Arevon Energy Inc. is using $529 million package to build the Vikings solar-plus-storage project in Southern California. The project is one of the first utility-scale solar peaker plants in the United States. The company’s innovative financing approach combines the Inflation Reduction Act’s tax credit transferability provisions with traditional debt financing.
Arevon has closed financing, securing a commitment with J.P. Morgan to purchase $191 million of investment tax credits and production tax credits, among the nation’s first transactions announced to date that leverage the IRA’s transferability provision. The additional $338 million debt facility was financed with MUFG, BNP Paribas, Sumitomo Mitsui Banking Corp. and First Citizens Bank, which acted as coordinating lead arrangers. National Bank of Canada also participated as a lender.
Located in Imperial County, California, the Vikings power plant features a unique configuration of 157 MWdc of solar coupled with 150 MW/600 MWh of battery energy storage. The project is contracted to provide resource adequacy and renewable energy to San Diego Community Power, helping to support grid reliability beginning in 2024.
“Vikings has been a landmark project from its inception. It is one of the nation’s first solar peaker plants, and today it is one of the first utility-scale solar-plus-storage ITC and PTC transferability transactions to close since the Inflation Reduction Act passed in August 2022,” said Arevon CEO Kevin Smith. “Vikings is an important project in our portfolio, representing Arevon’s ongoing commitment to powering the clean energy transition with renewable energy while using energy storage to enable solar to meet peak electricity demand and increase grid resilience.”

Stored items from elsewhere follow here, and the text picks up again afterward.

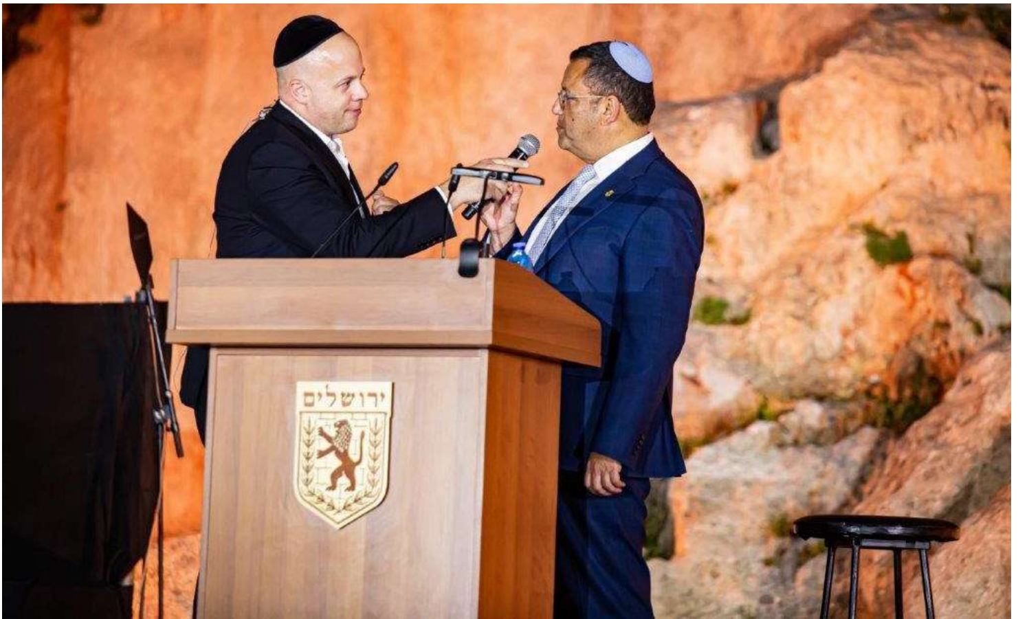
נולדתי עם מקרופון בפה. טוקר עם ראש עיריית ירושלים באחד מההופעות שהנחה
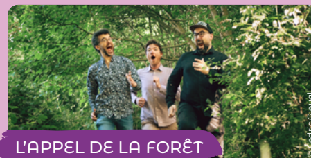
L'APPEL DE LA FORÊT
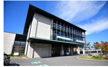
東近江市役所 5200m 車7分
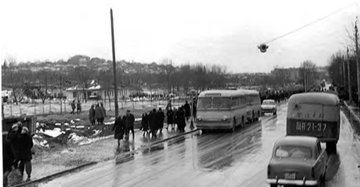
Рис. 7. Відновлення руху громадського транспорту на вулиці Фрунзе

Офіційне «Повідомлення Урядової комісії про закінчення розслідування причин аварії намитих земляних мас у Бабиному Яру і заходи по ліквідації наслідків затоплення і руйнувань в районі Куренівки м. Києва» було оприлюднене лише 31 березня 1961 р. Це було перше й останнє актуальне повідомлення в друкованих ЗМІ про катастрофу. Офіційна версія визнавала помилки проекту наміву і порушення технології виконання робіт, що призвели до великого насичення водою нижніх шарів наміву і зосередження значної кількості води у верхів'ях яру, прориву дамби. У результаті аварії, підсумовувала спеціальна урядова комісія, «зруйновано або серйозно пошкоджено 22 приватних одноповерхових дерев'яних будинки, 5 двоповерхових і 12 одноповерхових дерев'яних будинків державного житлового фонду і два одноповерхових гуртожитки барачного типу», що навіть непосвяченим людям вказує на значні масштаби руйнувань. Згідно офіційного повідомлення жертвами аварії стали 145 осіб, «загальна матеріальна шкода від затоплення і руйнувань» оцінювались у розмірі 3,7 млн рублів.

The project showcases key U.S. manufacturers, with PV module supply from Tempe, Arizona-based First Solar, along with solar trackers from Nextracker, which is headquartered in Fremont, California. Tesla is supplying the facility’s utility-scale batteries, which allow the solar energy generated to be directed to the grid during peak demand, powering up to 50,000 homes. Construction of the facility is well underway, with commercial operations scheduled for the third quarter of 2024. San Diego-headquartered SOLV Energy is performing the construction activities.
The IRA’s transferability tax credit provision allows for the simple transfer of tax credits from project owners to profitable taxpayers, according to the EPA’s Green Power Markets Summary. In June 2023, the U.S. Treasury released guidance on the tax credit transferability mechanisms established by last year’s IRA. This highly anticipated announcement provided proposed regulations for credit transfers under Section 6418.
“ITC and PTC tax credit transferability is a major step forward for the energy transition, post-IRA, and we are excited to be able to leverage it on the Vikings financing structure,” said Daniel Murphy, director of project finance at Arevon. “This solar peaking project concept is a key strategy for Arevon, and we are grateful to our financing parties for their support on this groundbreaking financing using tax credit transferability.”
Stoel Rives represented Arevon as legal counsel; Milbank LLP served as transfer counsel; and Winston & Strawn LLP served as lender counsel.